# EVGA GeForce RTX 2070 Super FTW3 Ultra



## W1zzard (Jul 9, 2019)

EVGA's RTX 2070 Super FTW3 Ultra uses a strong 10-phase VRM. Coupled with the highest power limit of all RTX 2070 Super cards reviewed today, the card ensures you won't hit the power limiter in gaming or overclocking. EVGA also added the important idle-fan-stop feature the Founders Edition lacks.

*Show full review*


----------



## Jism (Jul 9, 2019)

This is just a refresh with slight higher clocks. 5700XT is pretty close to the 2070 Super.


----------



## ZoneDymo (Jul 9, 2019)

super.....ftw....ultra..... dear lord that is a ridiculous name


----------



## metalfiber (Jul 9, 2019)

Hey a bios switch. Somebody, try to flash this thing to a 2080 Super.


----------



## wheresmycar (Jul 9, 2019)

Forget the performance, forget the features, forget the value comparisons, I JUST ABSOLUTELY LOVE THE MASCULINITY OF THAT CHUNKY PORN GRILL. From an aesthetics point of view, for me, this beats RGB any day of the week. That's about it really, can't afford the bugger 

66C on load+OC.....I'm a 360MM FAN!!


----------



## Mescalamba (Jul 9, 2019)

Hm, guess my Titan Xp will be still fine for a while. Cmon Intel, make some noise..


----------



## jesso2k (Jul 10, 2019)

"EVGA has overclocked their RTX 2070 Super STRIX OC by +45 MHz rated boost, to 1815 MHz"... EVGA's got their fingers in everything lol.


----------



## Dcole (Jul 10, 2019)

This was a really great review. It has made me feel a lot better about getting the EVGA RTX 2070 Super Blower Style Card. There is Zero Reason to buy the Higher end one when you can only expect 2 - 3% increase in performance in overclocking. I needed the blower style because the Chassis I have does not have a good internal Thermals since it was originally a Lenovo Prebuilt that I have modified with upgrading Power Supply, CPU, Memory Upgraded, and Graphics Card.


----------



## danbert2000 (Jul 10, 2019)

Jism said:


> This is just a refresh with slight higher clocks. 5700XT is pretty close to the 2070 Super.

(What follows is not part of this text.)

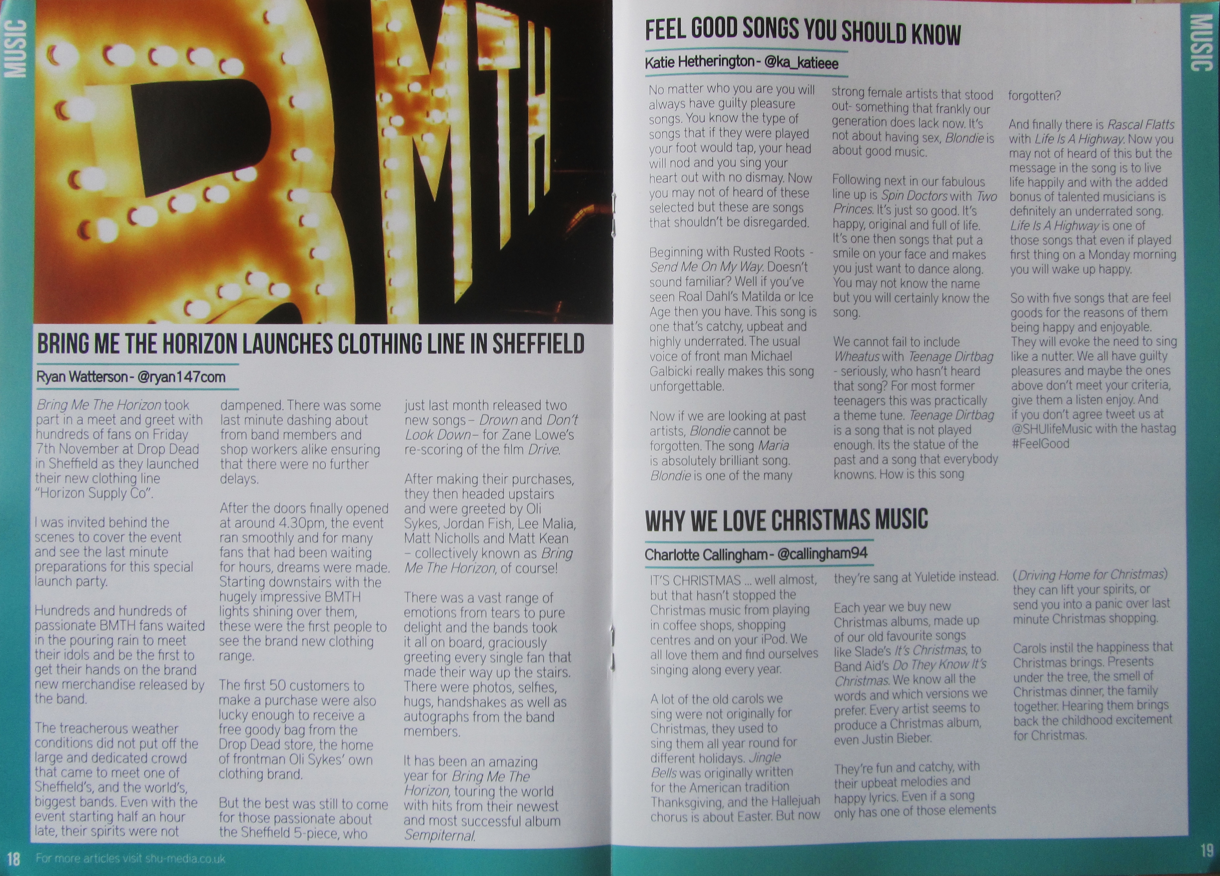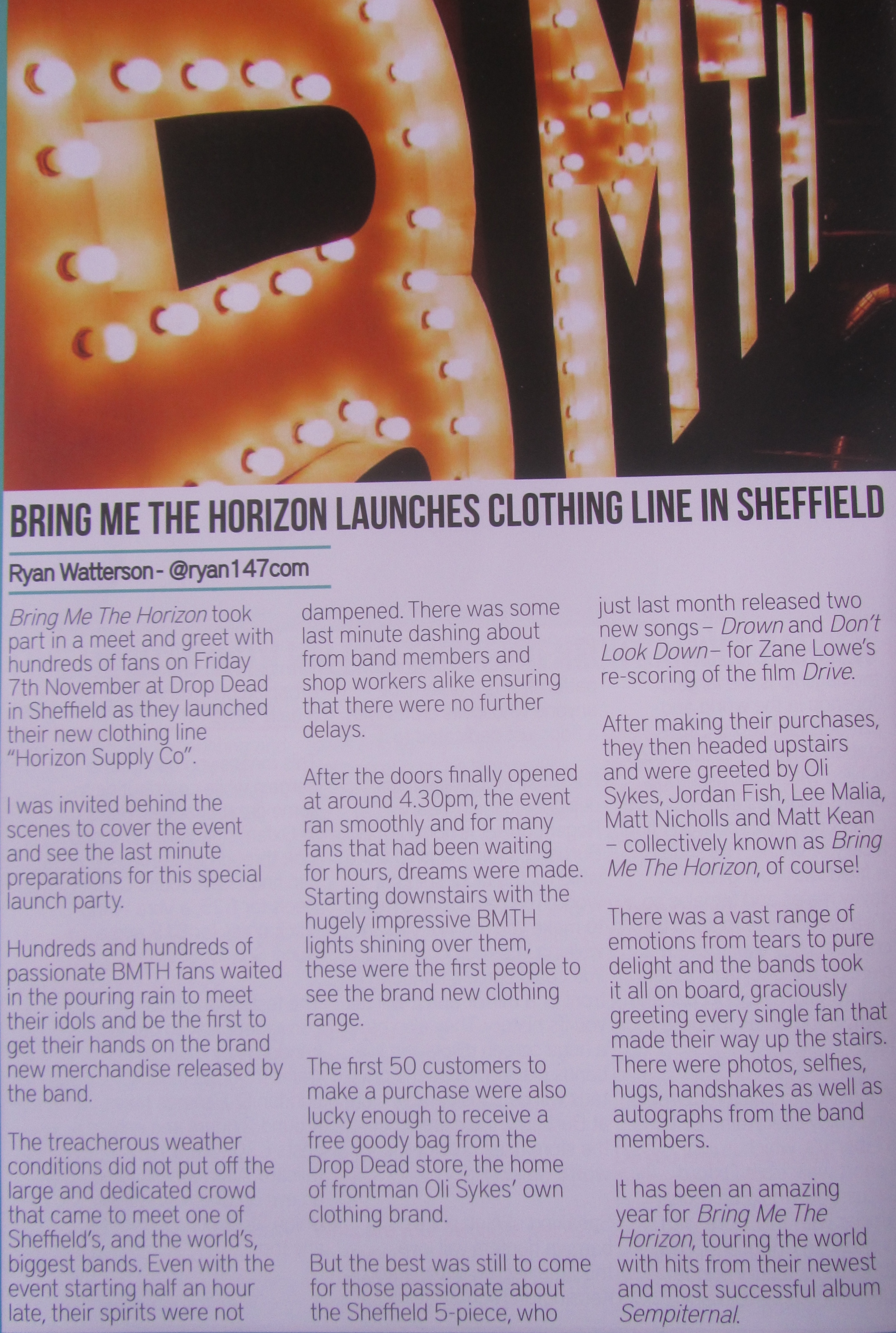 SHULife Magazine – Bring Me The Horizon Article My article about Bring Me The Horizon’s launch of their Horizon Supply Co. clothing line last month has been published in the latest edition of SHULife Magazine – the official magazine of Sheffield Hallam University. Click below to read it! (click for full size) (click for full size) Share this: Click to share on X (Opens in new window) X Click to share on Facebook (Opens in new window) Facebook Click to share on Reddit (Opens in new window) Reddit Like Loading... Related

That couldn't be further from the truth. The 2070 Super is a slightly cut down 2080. Which means it has a lot more CUDA cores and a higher clock (2560 vs 2304, 1620 MHz vs 1770 MHz).From the review:
"AMD recently released the Navi-based Radeon RX 5700 XT—the EVGA FTW3 Ultra is 12% faster."

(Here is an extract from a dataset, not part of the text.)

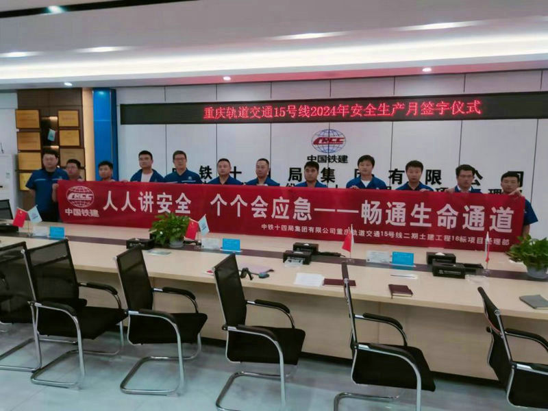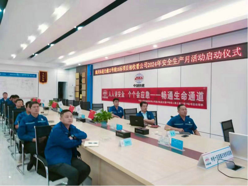 6月2日,中鐵建重慶軌道交通15號線二期總承包部16標(biāo)14局項目部舉行以圍繞“人人講安全、個個會應(yīng)急—-暢通生命通道”為主題的2024年安全生產(chǎn)月活動啟動儀式。

12% is a whole new bracket of performance.


----------



## Chrispy_ (Jul 11, 2019)

I don't understand why people would pay $80 extra for a factory overclock. 

Pay $110 extra and just get a 2080 instead which is significantly faster, and that's at bone-stock speeds. If you want to overclock _that,_ it has *far more headroom* than an inferior SKU that's already overclocked.

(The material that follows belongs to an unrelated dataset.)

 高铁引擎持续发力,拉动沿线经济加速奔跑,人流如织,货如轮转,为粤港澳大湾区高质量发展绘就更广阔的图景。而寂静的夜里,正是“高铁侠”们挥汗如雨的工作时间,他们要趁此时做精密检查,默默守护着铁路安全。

I understand that the 2080 is being phased out at some point, but right now they're going for $610, and once stocks dry up the $399 5700XT will make any 2070S north of $500 look like a crappy deal.


----------



## Mescalamba (Jul 14, 2019)

Chrispy_ said:


> I don't understand why people would pay $80 extra for a factory overclock.
> 
> Pay $110 extra and just get a 2080 instead which is significantly faster, and that's at bone-stock speeds. If you want to overclock _that,_ it has *far more headroom* than an inferior SKU that's already overclocked.
> 
> I understand that the 2080 is being phased out at some point, but right now they're going for $610, and once stocks dry up the $399 5700XT will make any 2070S north of $500 look like a crappy deal.



Cause eVGA usually has all other stuff also really pretty good. Thats why.


----------



## Chrispy_ (Jul 15, 2019)

But you can still get an EVGA 2080....


----------



## Mescalamba (Jul 16, 2019)

Chrispy_ said:


> But you can still get an EVGA 2080....



Hm true. I would really need to look into it if its worth it.


----------



## Chrispy_ (Jul 16, 2019)

Mescalamba said:


> Hm true. I would really need to look into it if its worth it.



Sticking to EVGA as an example, their expensive factory-oc 2070S is only thirty bucks less than their base model 2080 which is a much better performer, even before you tap into the 2080's oc headroom.


----------